People living in the real world may disagree. In the last year, the Commodity Research Bureau’s food index has risen 27 percent; cotton’s price has more than doubled to an all-time high; and oil and gasoline prices have posted double-digit gains. The costs of eating, driving, and wearing clothes are trending higher at the very time the Fed plans to inject hundreds of billions of dollars (trillions, if needed) to prop up Washington and Wall Street.

What concerns me about the Fed’s current course (apart from the danger it poses to the purchasing power of our income and savings) is the totally arbitrary way in which it is proceeding. The Fed has arrogated unprecedented discretionary powers to itself.

Indeed, the Fed now has a free hand to create however much money it wants and buy whatever financial assets it chooses, whether government or private or even foreign. There is no oversight or accountability. Even the Inspector General for the Federal Reserve, the Fed’s official watchdog, has been left in the dark. (Check out this astonishing congressional testimony.)

It is anomalous that there should be such a powerful, unrestrained institution as the Fed in our body politic. Its awesome, arbitrary powers make a mockery of constitutional checks and balances; it threatens not only our money, but liberty itself.

The chairman of the Fed is commonly referred to as the second most powerful person in the country. In a democratic republic, should the second most powerful policymaker be unelected?

Why won’t Congress at least audit the Fed? Rep. Ron Paul has proposed this for years, but a majority of his colleagues seem afraid to take this simple, prudent step. This is the same Congress that routinely demands microscopically detailed access to the financial records of private-sector corporations. Why the double standard?

If there is going to be a central bank (and that is a big “if”), it needs to have a simpler focus than the Fed’s current mission statement. The 1970 amendments to the Federal Reserve Act state that the Fed should “promote effectively the goals of maximum employment, stable prices, and moderate long-term interest rates.” These goals are misguided and unattainable.

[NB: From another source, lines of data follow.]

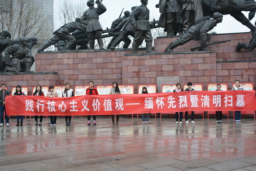 4 月 3 日,校社研会成员以及各学院社研会成员参加了集体扫墓活动。在平津战役纪念馆,在讲解员的解说下,同学们参观了图文资料和物品陈列,了解了平津战役的历史。
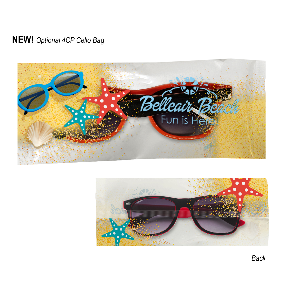 4CP Cello Bag: Add $50.00(G) set up charge plus .30(G) per piece. 4-color process on a white or clear cello bag. Must specify white or clear #4CPCELLO on PO. Choose from one of our stock designs or create your own custom design! 250 piece minimum. Production time for 4-Color Process Cello Bag is 5 to 7 days after proof approval.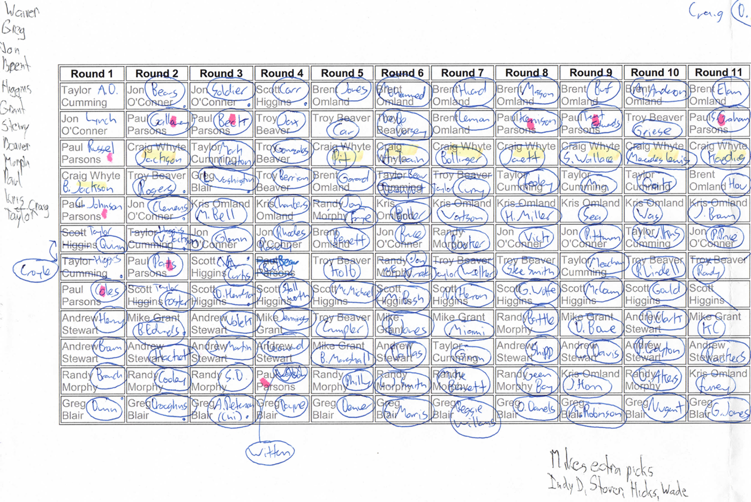 | 11. | Jaguars (D/ST) | Marques Colston (WR) | Niel Rackers (K) | Jeff Wilkins (K) | John Kasay (K) | LenDale White (K) | Tony Gonzales (TE) | Nate Kaeding (K) | Robbie Gould (K) | Josh Brown (K) | Jason Hanson (K) | John Carney (K) |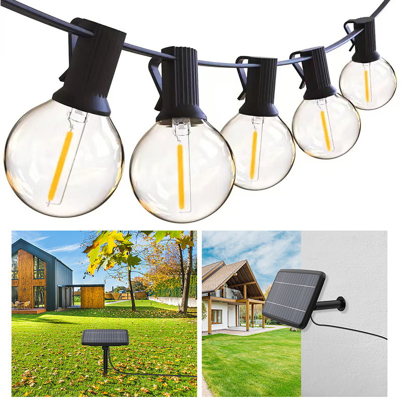 The LED Outdoor String Lights Globe G40 Bulb Solar Fairy String Lights are solar-powered G40 bulb strings designed for gardens and weddings. They emit a soft, warm white light at 2700K, with a 360° uniform floodlight, creating a festive and relaxing atmosphere for patios. The entire set is IP65-rated, with PVC/rubber cables and high-purity copper conductors, suitable for long-term outdoor use. Powered by both a built-in battery and solar power, they support basic dimming settings and come with a one-year warranty and professional lighting design and installation services.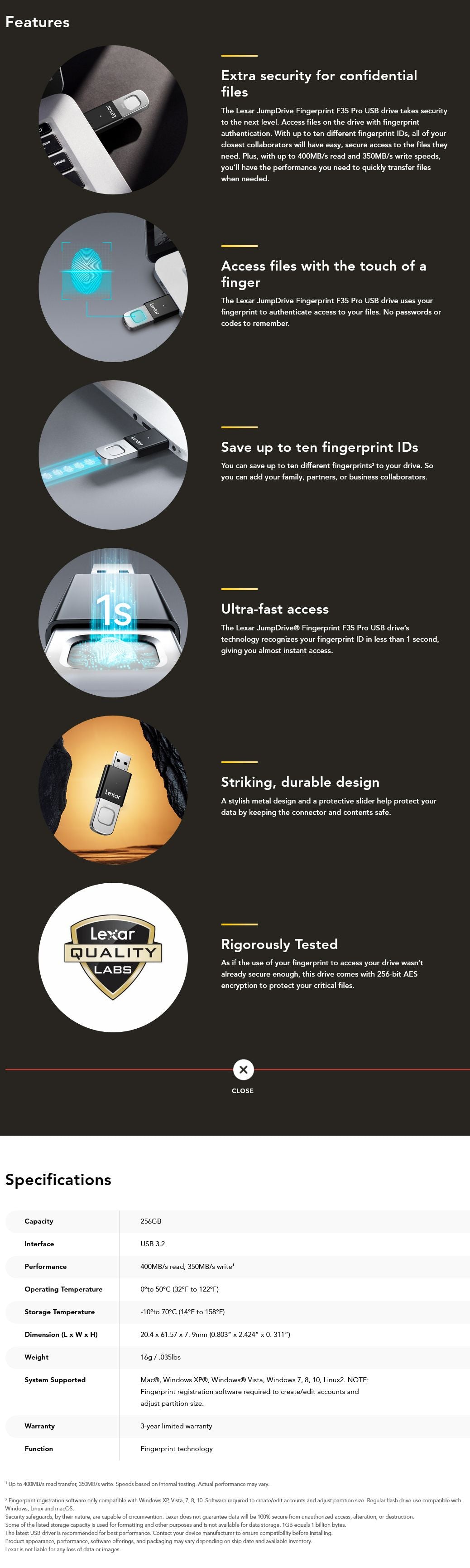 LEXAR - F35 PRO JumpDrive 指紋認證 USB手指 [原裝行貨]

First, the premise that the central bank can promote employment is erroneous. It is based on a spurious academic theory called the Phillips curve that posits a supposed tradeoff between inflation and employment. Unemployment is fundamentally a price problem, not a monetary problem; therefore, unemployment can only be cured by the presence of a free market in wages. Employment is not the responsibility of a central bank.

Second, central bank tampering with interest rates is the fundamental cause of the artificial boom-bust cycle; thus, the Fed or any successor institution should forever cease from tampering with interest rates.

Finally, focusing on “stable prices” is looking at the problem backwards. The Fed shouldn’t try to influence prices any more than a nurse should influence the readings on a thermometer. The “fever” that causes prices to rise and purchasing power to fall is unstable, unreliable money. “Heal” the money, and prices will take care of themselves.

The sole mission of the Fed or any alternative guardian of our country’s money should be to preserve the integrity of the monetary unit. That means an end to fiat money and a return to constitutional, honest money. The Fed, as currently constituted, must go.